Oscar Tuazon
Maccarone | 630 Greenwich Street
In addition to works of the kind for which Oscar Tuazon is best known—sculptures made using industrial materials such as concrete, Plexiglas, and corroding rebar—his recent show at Maccarone featured a sound piece that served as the exhibition’s conceptual anchor. Entering a dimly lit room, you could hear, from a speaker mounted to a structural beam, the voice of Vito Acconci reading from a text he had written for his architectural practice in 2004, sketching out the philosophical-poetic dimensions of a planned building at the South Pole: “Come into the dark. . . . Slip inside an Antarctica of the mind. . . . The land here is white. . . . It’s too white, too bright, to sleep. . . . A white sheet of paper, a blank page . . . to make fictions on.” From a facing speaker some twenty feet away, Tuazon’s voice simultaneously intoned a text he wrote in response, which roughly echoed the rhythm of the older artist’s. “I’m writing myself across the ice, black ink on a white sheet of paper,” you heard him say. “A white page that swallows what’s written on it. If you could even call it writing. More like reciting.”
This sound piece in stereo bore the same title as the exhibition itself—My flesh to your bare bones (all works 2010). While the wording was perhaps gently ironic, given the degree to which Acconci was early on associated with the carnal (his 1971 Seedbed is invoked in Tuazon’s text), it also suggested the relationship between Tuazon and earlier artists who helped guide the post-Minimalist interests evident throughout the show—in topological space; the act of orientation; and the limits of physical structures, including the human body. Indeed, Tuazon’s prose was suffused with visceral imagery of the narrator’s body doing violence to itself as it negotiates an “Antarctica” of its own devising. The bank of fluorescent tubes partially occluded by a steel plate on the floor nearby suggested similar notions with the title I gave my name to it—a title derived, like those of the rest of the works on view, from a fragment of Tuazon’s text, which was thereby not only aurally projected but also physically strewn throughout the gallery. The third piece in the front room was I went out there and spent a night out there. The light died out while I walked and so I stopped. Installed at the entrance to the space, it invited the viewer to fissure a pane of shatterproof glass underfoot, while a pristine sheet was suspended above—two states of the same body, flesh to bare bones.

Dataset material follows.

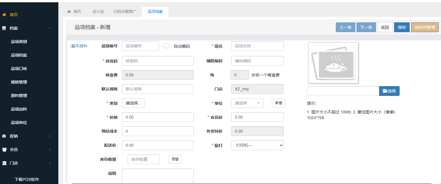 目录 搜索 美食家经典版学习指南美食家经典版后台管理一、系统功能概述二、使用须知三、登录系统四、开店向导五、后台首页六、档案七、促销7.1 促销计划7.1.1 促销计划-特价7.1.2 促销计划-折扣7.1.3 促销计划-买一赠一7.1.4 促销计划-第二份半价7.1.5 促销计划-满减7.1.6 促销计划-满量7.1.7 促销计划-满赠7.2 套餐热卖7.3 当前促销7.4 促销汇总八、会员8.1 会员资料8.2 会员类别8.3 会员设置8.4 会员消费8.5 会员积分8.6 会员储值8.7 充值赠送8.8 小额储值8.9 优惠券8.10 会员挂账结算8.11 精准营销8.12 消费满额送券九、门店9.1 门店管理9.2 店员管理9.3 桌位管理9.4 pos授权十、采购10.1 入库单10.2 采购申请单十一、库存十二、报表12.1 收银情况查询12.2 品项销售查询12.3 储值分析12.4 会员消费十三、设置13.1 支付设置13.2 商户资料13.3 数据清理13.4 个人账号13.5 外卖设置13.6 销售设置13.7 短信设置十四、扫码点餐14.1 扫码点菜设置14.2 商户设置14.3 扫码点餐装修14.4 店铺装修模版十五、微餐厅15.1 门店小程序码15.2 抽奖设置十六、微外卖16.1 微外卖设置16.2 配送设置十七、下载美食家经典版Windows前台使用须知登录点菜销售清单菜品信息菜品编辑收款结账桌台桌台操作桌台状态菜品编辑菜品操作收款结账订单扫码点餐饿了么餐道微外卖查交易查订单订单详情交班交班估清沽清会员新增会员查询|读卡挂失换卡修改资料修改密码积分调整储值充值查看优惠券报表营业汇总收银汇总菜品销售流水菜品销售汇总设置双屏钱箱计价秤小票打印基础设置票头票尾打印明细读卡器APP下载快捷键条码秤标签打印厨房打印客显其他更多桌台预订日志酒水寄存云小店一、产品介绍二、美食家经典版后台环境配置2.1 账号注册与续费2.1.1 注册2.1.2 续费及购买2.2 云小店后台配置2.2.1 新增云小店2.2.2 店员设置2.2.3 品项设置2.2.4 支付设置2.2.5 扫码点餐设置三、云小店小程序使用3.1 云小店登录3.2 云小店界面3.2.1 云小店设置3.2.2 品项管理3.2.3 订单管理3.2.4 数据分析3.2.5 小票打印3.2.6 今日订单3.3 下单支付4 消息推送4.1 顾客消息推送5 异常处理5.1 异常单据5.2 店员常见问题异常故障排查美食家经典版常见问题前言一、社区登记问题指南二、安装及登录类问题1、软件实施系统环境检查2、Windows XP 系统上安装运行问题3、Windows 10 系统上安装运行问题4、程序异常类问题5、程序已停止工作类问题6、初始化类问题6.1、数据库初始化失败6.2、服务异常,数据库服务启动异常6.3、链接数据库失败6.4、打开运行后,初始化时在“正在创建数据库用户”卡住不动7、设置主副收银8、登录类问题三、Windows 客户端常见问题1、交班2、小票打印3、思迅 pay3.1 思迅 pay 付款语音播报3.2 门店单独设置思迅 pay4、反结账5、下传数据报错6、前台优惠券的核销7、饿了么配送没有权限四、后台常见类问题1、开通会员储值2、开通会员挂账3、套餐设置4、附加费(茶位费)设置5、时价菜设置6、临时品项设置7、称重商品单位转换8、支付设置9、库存设置9.1 设置品项库存9.2 设置原料库存五、扫码点餐类问题1、获取桌台状态失败2、扫码点餐不能在线支付3、获取线下开单号失败4、餐前支付保留桌台占用状态六、店小宝常见问题1、店小宝多人使用七、安卓 POS 端常见问题1、安卓 POS 端连接 USB 打印机的操作步骤八、运营平台常见问题1、买断账号修改有效期美食家经典版聚合外卖团购劵1、开通和购买流量2、外卖平台授权绑定3、菜品绑定4、前台订单管理5、团购券套餐管理6、京东外卖7、前台核销美团券美食家经典版抖音团购券 暂无相关搜索结果! 本文档使用 MinDoc 发布 2.2.3 品项设置 品项设置在品项档案中,新增云小店菜品类别、菜品档案等基础数据。文档更新时间: 2025-09-18 06:53 作者:徐珍

On one hand, the kinds of forms that Tuazon makes are familiar. We know these places: the empty lot next to the discount supermarket at the edge of town; the corroding I-beams of the new development that went bankrupt midconstruction; the dried-out riverbed that crosses under the highway; the shuttered rest stop. Yet, on the other hand, Tuazon’s world is a kind of personal postapocalypse, a world that’s already acid-burned brown. This was clearest in the back gallery, where putrid yellow fluorescent light filtered through a waterlogged canvas, latched to the ceiling, which was continuously filled with water that dripped steadily onto the gallery floor. Nearby was I use my body for something, I use it to make something, I make something with my body, whatever that is. I make something and I pay for it and I get paid for it, a low table made from concrete and rebar that Tuazon partially demolished with a sledgehammer before the show opened. Tellingly, the object was already broken at the start of the exhibition, its use as a table—the symbolic site of all “relational” progress—irreversibly impaired. In defiance of the neoliberal imperative of conviviality and consumption, the ruins reflect a darker desire—or, perhaps, a blind need—for destruction.